Table of Contents

This file describe the general concept of a compiler. I'm going to relearn it in the hard way.

1 Parser

Three category of parsers:

Cocke–Younger–Kasami algorithm (CYK) and the Earley parser. They can parse any grammar, but slow.
bottom up
build parse tree from bottom to top
top down
build parse tree from top to bottom

There are many different methods of each top-down and bottom-up parsers. The most efficient top-down and bottom-up methods work only for subclasses of grammars. Some important subclasses is LL and LR grammar.

LL grammar
often used by hand-implemented parser
LR grammar
accept more grammars, but usually construct by tools

Some terms:

parse tree
a graphical representation of a derivation that filters out the order in which productions are applied to replace non-terminals.

Of course, regular expression is a subset of context free grammar.

About how to divide lexer rules and parser rules: use regular expression.

  • Regular expression is most useful for describing structure of constructs, such as ID and keywords.
  • Grammar is most useful for describing nested structures such as parentheses, begin-end, if-then-else.

1.1 AST

  • In Syntax Tree, interior nodes represent programming constructs.
  • In parse tree, interior nodes represent non-terminals
  • many non-terminals of a grammar represent programming constructs, but others are helpers of one sort of another, such as term, factors.
  • In syntax tree, these helpers typically are not needed and hence dropped.

To conclude:

concrete syntax tree
the parse tree
concrete syntax
the underlying grammar of a parse tree

Some new understanding of them (quotes from dragon book):

A parse tree pictorially shows how the start symbol of a grammar derives a string in the language.
Abstract syntax trees, or simply syntax trees, differ from parse trees because superficial distinctions of form, unimportant for translation, do not appear in syntax trees.

That is to say, CST exactly reflect the grammar, and AST removes a lot of things but keep the structure. This includes:

  • remove non-value-carrying leaves
  • remove unary productions
  • compress spines caused by left or right recursive grammar rules into explicit list nodes.

The implementation of AST is different for different parser designers. For example as the Clang fold said1:

Clang’s AST is different from ASTs produced by some other compilers in that it closely resembles both the written C++ code and the C++ standard.
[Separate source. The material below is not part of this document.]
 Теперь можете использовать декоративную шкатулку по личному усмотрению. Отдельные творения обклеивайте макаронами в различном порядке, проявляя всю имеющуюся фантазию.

For example, parenthesis expressions and compile time constants are available in an unreduced form in the AST. This makes Clang’s AST a good fit for refactoring tools.

var a = 2,
    b = (a + 2) * 3;

Here, the ( ) around a + 2 is not represented in the AST, because the structure of the tree, combined with operator precedence rules, absolutely implies that it must exist, and moreover a + 2 * 3 would have been a different tree structure. 2 , 3

Estools 4 is a good collection of repos that have many interesting discussion threads about AST and CST.

Also, a post from semantic design 5, mentioned:

Typical parser generators force the grammar engineer to specify not only the grammar, but also to explicitly specify how to procedurally build the AST as well.
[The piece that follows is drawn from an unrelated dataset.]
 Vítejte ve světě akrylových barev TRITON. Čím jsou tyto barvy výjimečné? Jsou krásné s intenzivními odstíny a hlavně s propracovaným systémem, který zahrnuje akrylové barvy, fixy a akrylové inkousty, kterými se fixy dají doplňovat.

In contrast, DMS automatically builds a syntax tree, either a concrete tree ("CST", mainly for debugging, containing all the language tokens), or what amounts to an AST (for production, in which non-value carrying terminals are eliminated, useless unary productions are removed, and lists are formed).
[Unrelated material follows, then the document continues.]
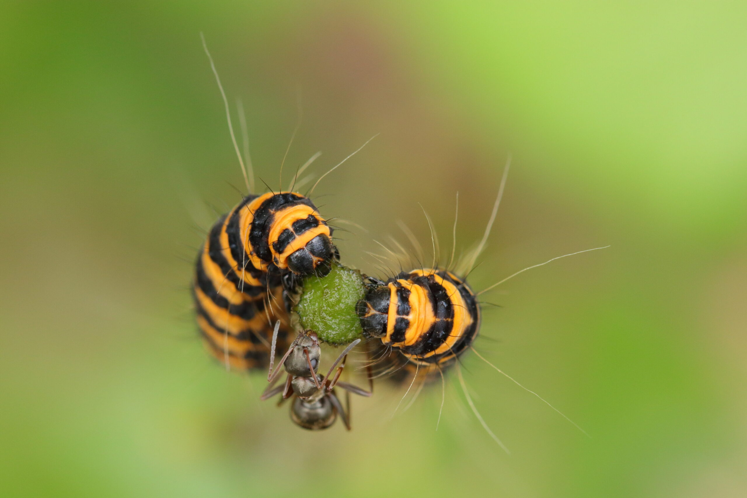 Deze schitterende foto van twee rupsen en een mier is de Roots Foto van de Maand april. De fotograaf is Jacqueline Gerhardt. Dit is haar verhaal achter de foto.

A very good comparison on a lecture note 6.

1.2 TODO Write/Fix the grammar

1.2.1 TODO Ambiguity

1.2.2 Left Recursion

Top down parser cannot handle left recursion.

The grammar

A ::= A alpha | beta

Can be rewritten as:

A ::= beta R
R ::= alpha | epsilon

1.2.3 Left Factoring

a technique to rewrite production rule to achieve the effect that we wait until enough input has been seen to make decision. It makes grammar more suitable for predictive or top-down parsing.

1.3 Top Down Parsing

Recusrive descent parsing
  • general form of top-down parsing
  • may require backtracking
Predictive parsing
  • a special case of recursive-descent parsing
  • do not require backtracking
  • By look ahead fixed number (usually 1) of tokens
A class of grammar, for which we can construct a predictive parser by looking k symbols ahead.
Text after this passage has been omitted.